Personal information
- Full name: Ole Erik Stavrum
- Date of birth: 30 December 1966 (age 59)
- Place of birth: Norway
- Position: Defender

Youth career
- –1985: Clausenengen

Senior career*
- Years: Team / Apps / (Gls)
- 1986–1990: Molde / 95 / (9)
- 1991–1994: Brann / 81 / (4)
- 1995–1997: Molde / 53 / (2)
- 1998–1999: Clausenengen

= Ole Erik Stavrum =

Norwegian footballer (born 1966)

Ole Erik Stavrum (born 30 December 1966) is a Norwegian former football defender. He is the son of Ole Stavrum, and older brother of Arild Stavrum. From 1 January 2020, he is managing director at Molde FK.

==Career as player==
Stavrum started his career in Kristiansund, with the local club Clausenengen.
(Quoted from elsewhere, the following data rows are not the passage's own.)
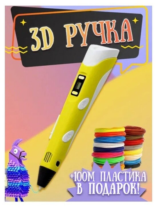 Комплект 3Д ручка NIT-PEN3 желтая + пластик PLA 10 цветов по 10 метров, в упаковке: 1
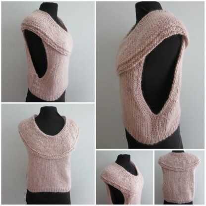 The Downton Victorian Collar Vest is fashioned after the Bertha Collars that were popular during Victorian fashion. Designed to accent a woman's shoulders, the Bertha Collar was wide, round, and flat. Other feminine features of the Downton Vest are a shapely waist to hip tapering, elongated open sides, and a graceful neckline. The vest is knit in one piece with Kitchener seams at the shoulders. Stitches are picked up along the neckline to create the Bertha Collar. The collar adds extra warmth because it creates a double layer of fabric just where you need it most.
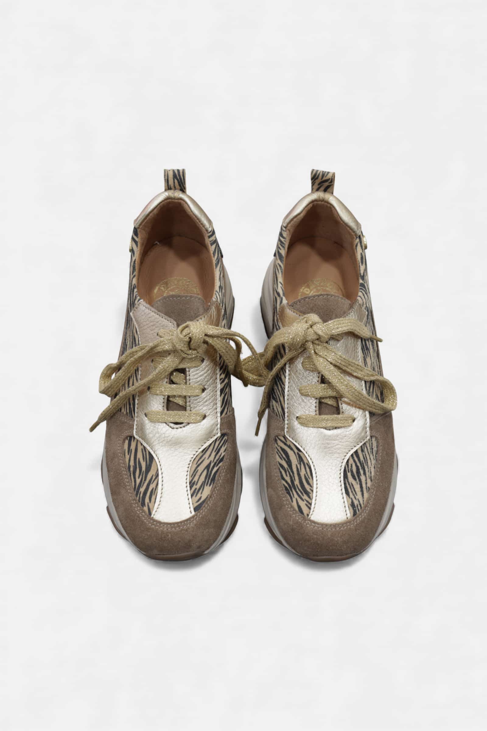 Estes magníficos e modernos desportivos de mulher, em pele e camurça, com fantasia animal print, em tons neutros, que combinam com os mais variados estilos, são fabricados em PORTUGAL.

He moved on to top flight club Molde in 1986, where he played for five seasons. In 1990, Stavrum and the club could not agree on a new contract, and he moved on to Brann. In Bergen he played 81 top-flight matches for Brann from 1991 to 1994. He transferred back to Molde in 1995, and played three seasons for the club. In 1998, Stavrum stepped down from professional football and played two seasons for his youth club Clausenengen, before he retired in 1999.

==Football executive==
Stavrum is also member of the Molde FK board. On 4 September 2019, Molde announced that Stavrum would become the club's managing director effecting from 1 January 2020.